[Data entries]

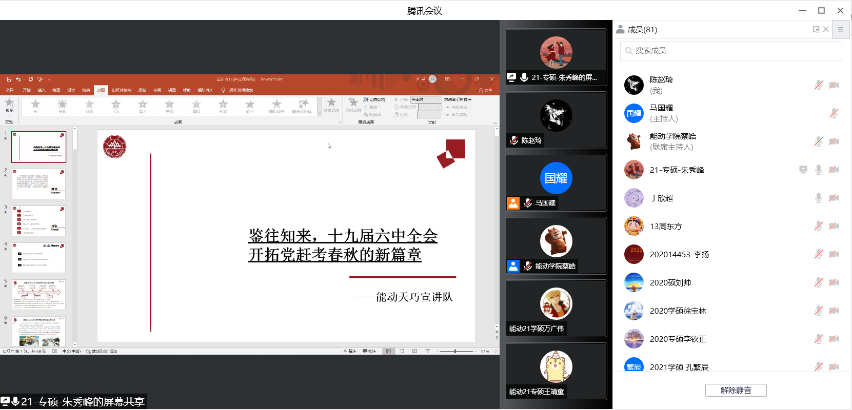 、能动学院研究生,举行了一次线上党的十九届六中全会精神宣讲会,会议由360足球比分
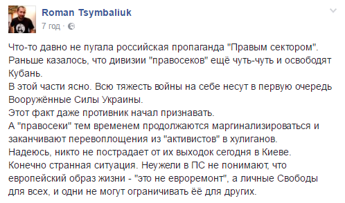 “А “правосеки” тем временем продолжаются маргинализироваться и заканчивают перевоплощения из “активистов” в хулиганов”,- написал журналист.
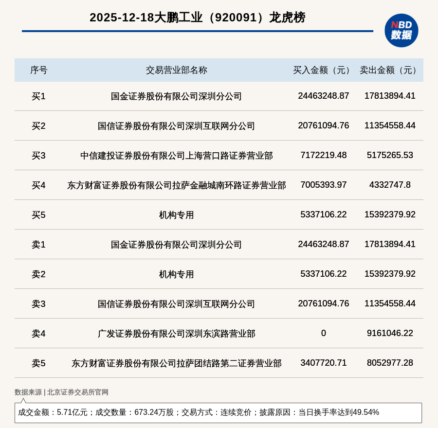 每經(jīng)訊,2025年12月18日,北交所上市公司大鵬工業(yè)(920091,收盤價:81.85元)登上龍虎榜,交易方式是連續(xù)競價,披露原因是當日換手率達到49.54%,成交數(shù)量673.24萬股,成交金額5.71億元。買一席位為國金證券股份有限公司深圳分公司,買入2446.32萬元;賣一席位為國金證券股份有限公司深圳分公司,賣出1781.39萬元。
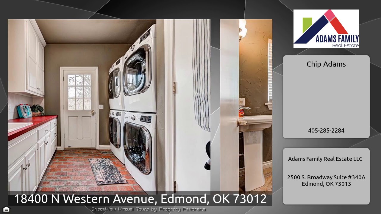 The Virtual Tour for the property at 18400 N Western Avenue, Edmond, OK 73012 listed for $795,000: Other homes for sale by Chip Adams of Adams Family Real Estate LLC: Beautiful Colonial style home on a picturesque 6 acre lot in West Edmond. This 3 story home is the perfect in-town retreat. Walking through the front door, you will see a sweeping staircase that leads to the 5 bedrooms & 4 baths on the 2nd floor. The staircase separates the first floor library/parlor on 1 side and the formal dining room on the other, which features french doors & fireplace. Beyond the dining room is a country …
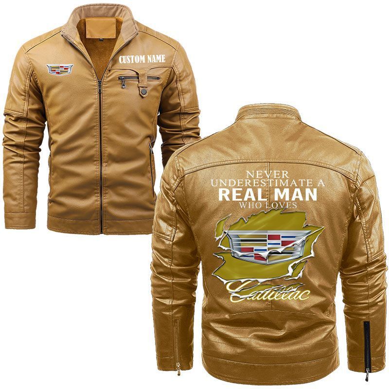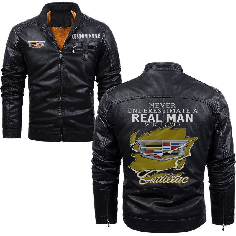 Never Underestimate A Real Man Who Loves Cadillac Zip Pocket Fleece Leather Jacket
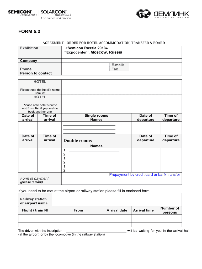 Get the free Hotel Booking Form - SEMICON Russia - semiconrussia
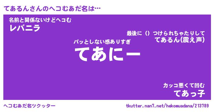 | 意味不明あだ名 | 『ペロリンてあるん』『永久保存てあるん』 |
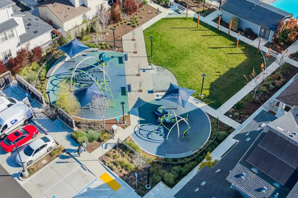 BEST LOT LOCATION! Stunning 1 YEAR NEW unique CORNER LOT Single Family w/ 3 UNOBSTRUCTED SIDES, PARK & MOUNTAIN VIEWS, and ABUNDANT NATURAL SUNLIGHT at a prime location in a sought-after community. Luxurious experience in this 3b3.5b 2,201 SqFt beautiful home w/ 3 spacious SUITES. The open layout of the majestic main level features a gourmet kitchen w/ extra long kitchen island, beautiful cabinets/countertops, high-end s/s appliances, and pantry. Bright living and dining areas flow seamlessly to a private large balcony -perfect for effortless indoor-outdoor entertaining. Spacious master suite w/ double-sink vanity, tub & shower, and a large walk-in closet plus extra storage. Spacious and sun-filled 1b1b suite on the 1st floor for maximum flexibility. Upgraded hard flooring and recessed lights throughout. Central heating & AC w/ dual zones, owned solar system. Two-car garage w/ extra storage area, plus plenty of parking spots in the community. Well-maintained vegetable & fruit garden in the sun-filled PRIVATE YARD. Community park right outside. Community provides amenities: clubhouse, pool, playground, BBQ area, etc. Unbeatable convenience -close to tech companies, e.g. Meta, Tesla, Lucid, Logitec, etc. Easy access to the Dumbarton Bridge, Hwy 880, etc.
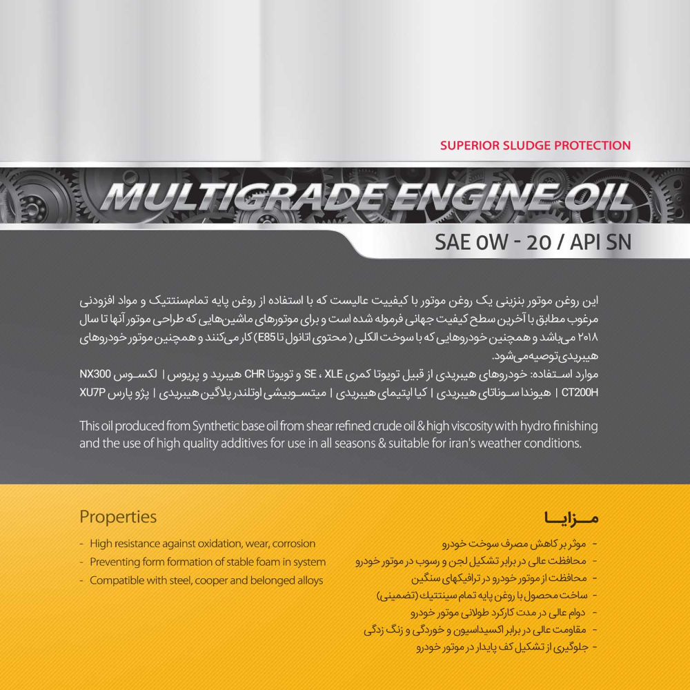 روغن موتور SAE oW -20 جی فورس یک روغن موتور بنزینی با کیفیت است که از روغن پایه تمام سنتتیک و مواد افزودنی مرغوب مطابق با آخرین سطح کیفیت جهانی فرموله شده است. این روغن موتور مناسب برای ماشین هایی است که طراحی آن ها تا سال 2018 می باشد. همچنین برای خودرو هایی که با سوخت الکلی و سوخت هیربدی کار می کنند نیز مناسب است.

*WHAT THE EXERCISE ASKS:* Reproduce the data exactly as it appears above. Pictures are to be left out.

*WRITTEN RESPONSE:*
 、能动学院研究生,举行了一次线上党的十九届六中全会精神宣讲会,会议由360足球比分
 “А “правосеки” тем временем продолжаются маргинализироваться и заканчивают перевоплощения из “активистов” в хулиганов”,- написал журналист.
 每經(jīng)訊,2025年12月18日,北交所上市公司大鵬工業(yè)(920091,收盤價:81.85元)登上龍虎榜,交易方式是連續(xù)競價,披露原因是當日換手率達到49.54%,成交數(shù)量673.24萬股,成交金額5.71億元。買一席位為國金證券股份有限公司深圳分公司,買入2446.32萬元;賣一席位為國金證券股份有限公司深圳分公司,賣出1781.39萬元。
 The Virtual Tour for the property at 18400 N Western Avenue, Edmond, OK 73012 listed for $795,000: Other homes for sale by Chip Adams of Adams Family Real Estate LLC: Beautiful Colonial style home on a picturesque 6 acre lot in West Edmond. This 3 story home is the perfect in-town retreat. Walking through the front door, you will see a sweeping staircase that leads to the 5 bedrooms & 4 baths on the 2nd floor. The staircase separates the first floor library/parlor on 1 side and the formal dining room on the other, which features french doors & fireplace. Beyond the dining room is a country …
 Never Underestimate A Real Man Who Loves Cadillac Zip Pocket Fleece Leather Jacket
 Get the free Hotel Booking Form - SEMICON Russia - semiconrussia
 | 意味不明あだ名 | 『ペロリンてあるん』『永久保存てあるん』 |
 BEST LOT LOCATION! Stunning 1 YEAR NEW unique CORNER LOT Single Family w/ 3 UNOBSTRUCTED SIDES, PARK & MOUNTAIN VIEWS, and ABUNDANT NATURAL SUNLIGHT at a prime location in a sought-after community. Luxurious experience in this 3b3.5b 2,201 SqFt beautiful home w/ 3 spacious SUITES. The open layout of the majestic main level features a gourmet kitchen w/ extra long kitchen island, beautiful cabinets/countertops, high-end s/s appliances, and pantry. Bright living and dining areas flow seamlessly to a private large balcony -perfect for effortless indoor-outdoor entertaining. Spacious master suite w/ double-sink vanity, tub & shower, and a large walk-in closet plus extra storage. Spacious and sun-filled 1b1b suite on the 1st floor for maximum flexibility. Upgraded hard flooring and recessed lights throughout. Central heating & AC w/ dual zones, owned solar system. Two-car garage w/ extra storage area, plus plenty of parking spots in the community. Well-maintained vegetable & fruit garden in the sun-filled PRIVATE YARD. Community park right outside. Community provides amenities: clubhouse, pool, playground, BBQ area, etc. Unbeatable convenience -close to tech companies, e.g. Meta, Tesla, Lucid, Logitec, etc. Easy access to the Dumbarton Bridge, Hwy 880, etc.
 روغن موتور SAE oW -20 جی فورس یک روغن موتور بنزینی با کیفیت است که از روغن پایه تمام سنتتیک و مواد افزودنی مرغوب مطابق با آخرین سطح کیفیت جهانی فرموله شده است. این روغن موتور مناسب برای ماشین هایی است که طراحی آن ها تا سال 2018 می باشد. همچنین برای خودرو هایی که با سوخت الکلی و سوخت هیربدی کار می کنند نیز مناسب است.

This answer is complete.